H3: Age moderates the association between screen time and anxiety. The positive association is stronger among young adults than among older adults.

H4: Adequate sleep moderates the association between screen time and anxiety. The relationship is weaker among individuals who sleep seven hours or more per night.

2.5. Behavioral patterns and high-risk subgroups

Research relying primarily on variable-centered methods may overlook meaningful subgroups characterized by distinct combinations of digital behaviors. Person-centered analytic approaches, such as cluster analysis or latent profile analysis, can reveal behavior patterns that jointly confer risk. For example, simultaneous high screen exposure, insufficient sleep, and intensive social media use may create a specific risk phenotype associated with particularly poor mental health outcomes. Identifying these subgroups allows for more precise targeting in public health strategies and reduces reliance on broad, one-size-fits-all interventions. This approach informs our final hypothesis.

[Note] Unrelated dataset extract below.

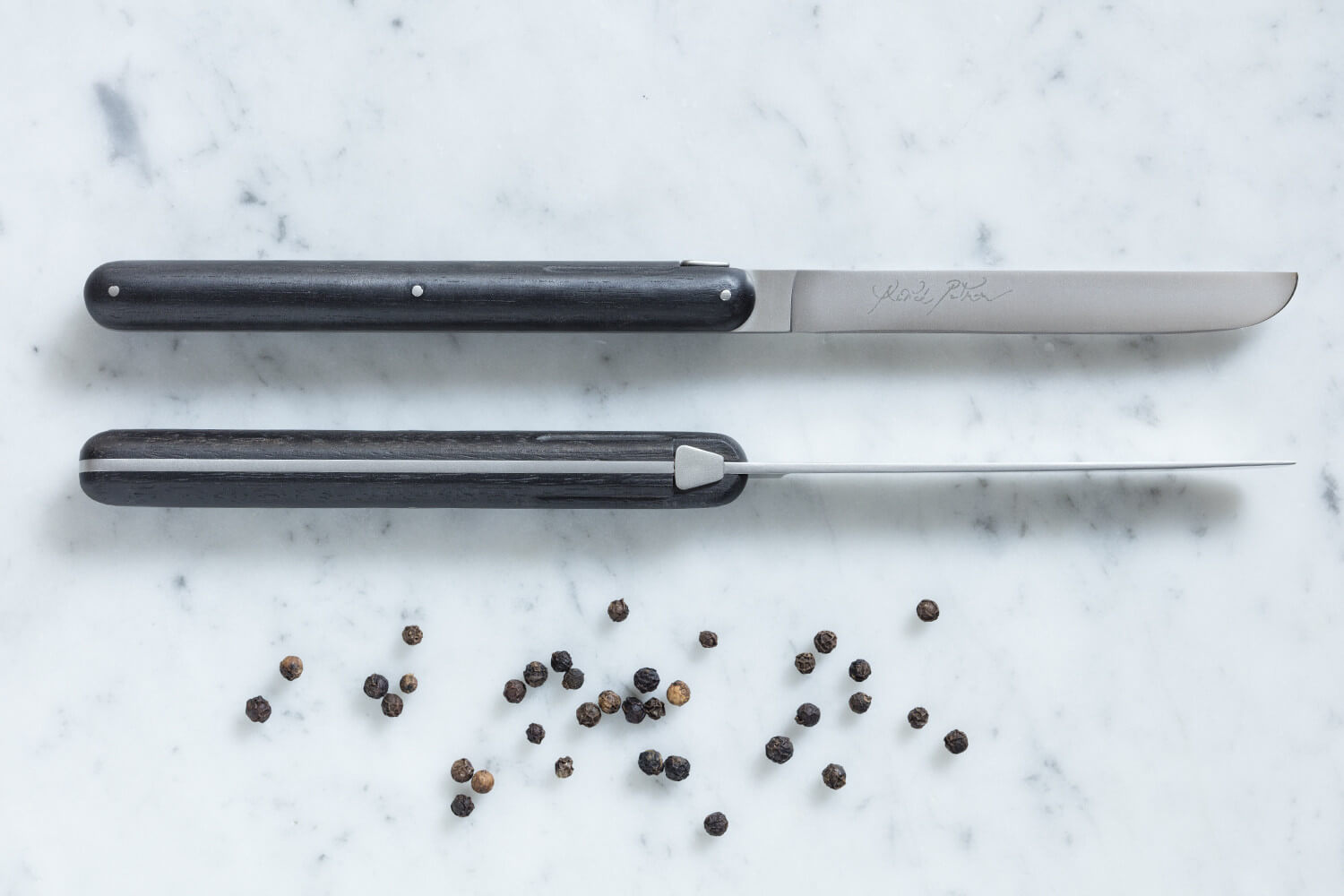 Le manche des couteaux est pour sa part fabriqué en ébène, un bois précieux reconnaissable par sa teinte profonde presque noire. 3 petits rivets viennent solidement fixer les plaquettes de bois à la soie des couteaux. Mesurant au total 23,5cm de long, ces couteaux fins vous assurent une décoration de table à la fois simple et raffinée.
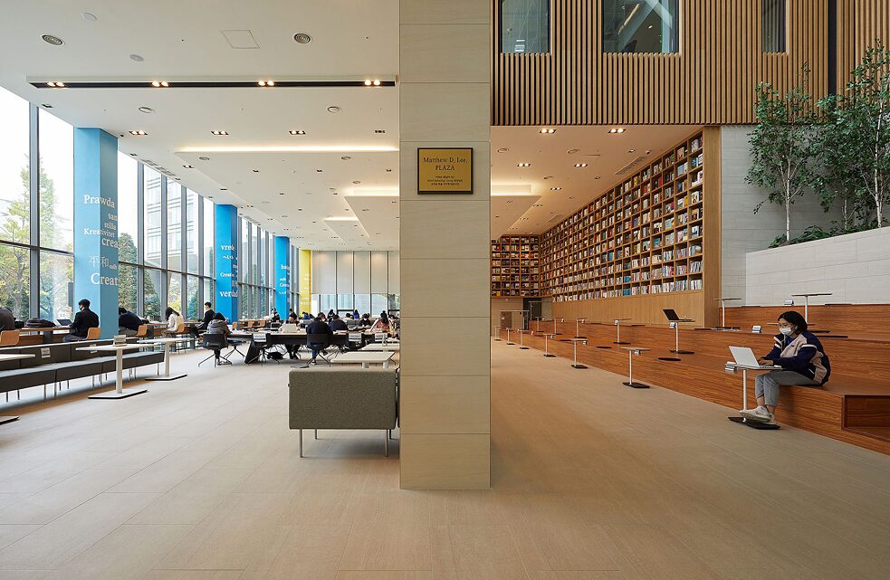 Die neue Bibliothek wurde im Auftrag der Hankuk University of Foreign Studies von Posco A&C, einem Architekturbüro, das sich bei seinen Bauprojekten auf Green Remodeling spezialisiert, entworfen und umgebaut. Die Universität wollte eine einzigartige, nachhaltige Bibliothek, die sich zeitgemäß weiterentwickelt. Das innovative Projekt gewann ebenfalls den ersten Preis beim fünften „Green Remodelling Best Practices Contest“ in der Kategorie Nutzgebäude.Die Universitätsbibliothek ist nun eine offene, smarte Bibliothek geworden. Das traditionelle Bild von einer eher stillen und nüchternen Umgebung hat sich zu einem Freiraum gewandelt, der berücksichtigt, dass es Studierende heutzutage gewohnt sind, an öffentlichen Orten wie Cafés zu lernen.

H5: Distinct behavioral clusters will emerge from the data. A cluster characterized by high screen time and low sleep duration will show the poorest mental health outcomes. This high-risk cluster will also exhibit increasing anxiety levels from 2020 to 2024.

3. Methods

3.1. Study design and data source

This study employed a repeated cross-sectional design, analyzing five annual waves (2020–2024) of publicly available data from the Mental Health and Lifestyle Habits Dataset (Kaggle; CC0 1.0 Public Domain license). The dataset comprises self-reported information from adults aged ≥18 years on digital behavior (daily screen time, social media use), sleep duration, psychological well-being (anxiety, perceived stress), and demographic characteristics, providing an opportunity to examine post-pandemic trends in these domains. According to the source documentation, the dataset was derived from global wellness surveys and mental health research studies and cross-verified with psychologists and wellness platforms; however, the specific timing of data collection within each year is not specified. Each wave was therefore treated as an independent cross-sectional sample, and no assumptions were made regarding potential seasonal effects, with all analyses conducted at the annual level.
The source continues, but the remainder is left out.